Armus (Burlingame, California) launched a personal data assistant (PDA)-based preoperative cardiovascular risk calculator at the Society of Thoracic Surgeons (STS) annual meeting in San Diego, California. The company said the Armus Risk Calculator is the first such PDA-based software application available to cardiologists and cardiovascular surgeons. The risk calculator, available in Palm OS, is a pocket-sized, patient-specific preoperative risk analysis device that values operative risk in accordance with national standards. With the calculator, a physician can learn about the patient's predicted mortality, length of stay, morbidity, stroke and other risk values. This can be done in less than a minute, which Armus described as "much faster than requesting a report from a full database system." Cardiologists and cardiovascular surgeons can use the calculated risk values as a decision aid to their clinical expertise in determining the optimum course of action at the point of care. Computations are based on STS risk stratification algorithms.
Bayer Diagnostics (Tarrytown, New York) reported the availability of Advia Centaur BNP (B-type natriuretic peptide) assay, a fully automated test for use in the diagnosis of heart failure (HF), on its automated immunoassay platform, the Advia Centaur Immunoassay System. Recent research has shown that elevated levels of BNP indicate the presence of heart failure, thus providing physicians with an important diagnostic tool in the early detection and treatment of HF. The BNP molecule is physiologically active and measures the direct biologic response to cardiovascular stress providing a direct reflection of the patient's current status. This allows more timely treatment and patient management, the company said. With the automated ADVIA Centaur BNP assay, physicians have access to a test that will allow them to have valuable information in real time, the company said. The BNP assay expands the already comprehensive cardiovascular panel of CK-MB, myoglobin, troponin I and homocysteine offered on the Advia Centaur system, Bayer said. A fully automated test, BNP results are ready in minutes, requiring less hands-on labor while reducing human error associated with manual testing. The BNP assay is currently available in non-regulated countries outside of the U.S. Bayer said it plans to apply for approval with regulated countries and for FDA clearance. Sales will start upon receipt of approvals.
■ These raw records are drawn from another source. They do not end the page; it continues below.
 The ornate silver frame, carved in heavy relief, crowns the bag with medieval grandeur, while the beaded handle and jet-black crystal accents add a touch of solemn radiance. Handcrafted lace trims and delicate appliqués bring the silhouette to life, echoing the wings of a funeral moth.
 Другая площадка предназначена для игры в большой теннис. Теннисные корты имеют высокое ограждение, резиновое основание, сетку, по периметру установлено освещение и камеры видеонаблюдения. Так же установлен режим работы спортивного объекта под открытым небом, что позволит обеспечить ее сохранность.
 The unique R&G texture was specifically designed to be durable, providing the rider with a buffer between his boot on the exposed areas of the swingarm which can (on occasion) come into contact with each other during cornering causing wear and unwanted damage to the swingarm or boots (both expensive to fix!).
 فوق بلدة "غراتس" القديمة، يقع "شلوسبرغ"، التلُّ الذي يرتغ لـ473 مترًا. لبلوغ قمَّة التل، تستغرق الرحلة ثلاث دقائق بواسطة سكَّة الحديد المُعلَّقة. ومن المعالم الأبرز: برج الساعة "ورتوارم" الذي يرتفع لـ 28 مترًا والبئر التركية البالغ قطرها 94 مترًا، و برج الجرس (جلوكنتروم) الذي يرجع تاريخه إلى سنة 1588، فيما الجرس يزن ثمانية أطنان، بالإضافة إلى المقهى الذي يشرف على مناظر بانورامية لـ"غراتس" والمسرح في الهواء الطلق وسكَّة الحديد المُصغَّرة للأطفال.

Beyond Genomics (BG; Waltham, Massachusetts) has entered into an agreement with Novartis Pharma (Basel, Switzerland) under which BG will use its Systems Biology approach to analyze samples of patients with cardiovascular disease. Under the program, BG will identify and characterize differences between normal and abnormal patient samples, leading to the discovery of molecular markers to predict, diagnose and monitor the progression of cardiovascular disease. Novartis will provide BG with patient plasma samples for the program and also will provide research funding for the work carried out by BG, including proprietary pattern recognition, clustering, data mining and related bioinformatics analyses. Financial and other terms of the agreement were not disclosed. BG said it is the first company to apply a Systems Biology approach to drug discovery and biomarker identification. By rapidly analyzing clinically relevant samples and integrating data at the gene, protein and metabolite levels using its proprietary technology, the company said it goes beyond genomics to provide new insights into the molecular mechanisms of health and disease.
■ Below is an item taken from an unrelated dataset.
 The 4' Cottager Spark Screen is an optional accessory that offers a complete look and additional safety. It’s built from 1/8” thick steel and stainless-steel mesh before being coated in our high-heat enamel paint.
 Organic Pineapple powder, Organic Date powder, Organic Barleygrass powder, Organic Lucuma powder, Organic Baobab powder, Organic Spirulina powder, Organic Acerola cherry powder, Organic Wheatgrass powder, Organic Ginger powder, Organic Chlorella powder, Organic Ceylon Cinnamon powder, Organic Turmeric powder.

Boston Scientific (BSX; Natick, Massachusetts) has initiated the launch of its Taxus paclitaxel-eluting stent system in Europe and other international markets. BSX expects to launch the product in the U.S. later this year. Boston Scientific acquired worldwide co-exclusive rights from Angiotech Pharmaceuticals to use paclitaxel to coat its coronary stent products and other vascular and non- vascular products. The company said that the Taxus product will use the Express(2) coronary stent system as its platform. The Express(2) system was launched in the U.S. last September and has been well received, the companies said. The Taxus clinical program is a series of studies designed to collect data on Boston Sci's polymer-based, paclitaxel-eluting stent technology for reducing coronary restenosis after angioplasty and stenting. Prior studies have demonstrated promising results by dramatically reducing restenosis. The polymer on the stent allows for controlled delivery of paclitaxel. The TAXUS I trial confirmed safety and reported zero thrombosis and zero restenosis. The TAXUS II trial studied the treatment of de novo coronary lesions and demonstrated both safety and efficacy using the slow- and moderate-release formulations. Significant improvements were seen for clinical, angiographic and intravascular measures of stent performance compared with the bare control stent. The TAXUS III trial, which studied the treatment of in- stent restenosis, also confirmed safety with no thrombosis. The TAXUS IV trial has completed enrollment and nine-month follow-up is under way. This study is designed to assess the safety and efficacy of a slow-release formulation to support regulatory filings for U.S. product commercialization. The TAXUS V trial has received conditional approval from the FDA to enroll patients and will study a higher-risk patient population than TAXUS IV, including patients with smaller vessels and longer lesions. TAXUS VI is studying patients with complex coronary artery disease and recently completed enrollment. Boston Scientific also has initiated a transitional registry program in a number of countries as part of a limited commercial launch of its TAXUS paclitaxel-eluting stent system.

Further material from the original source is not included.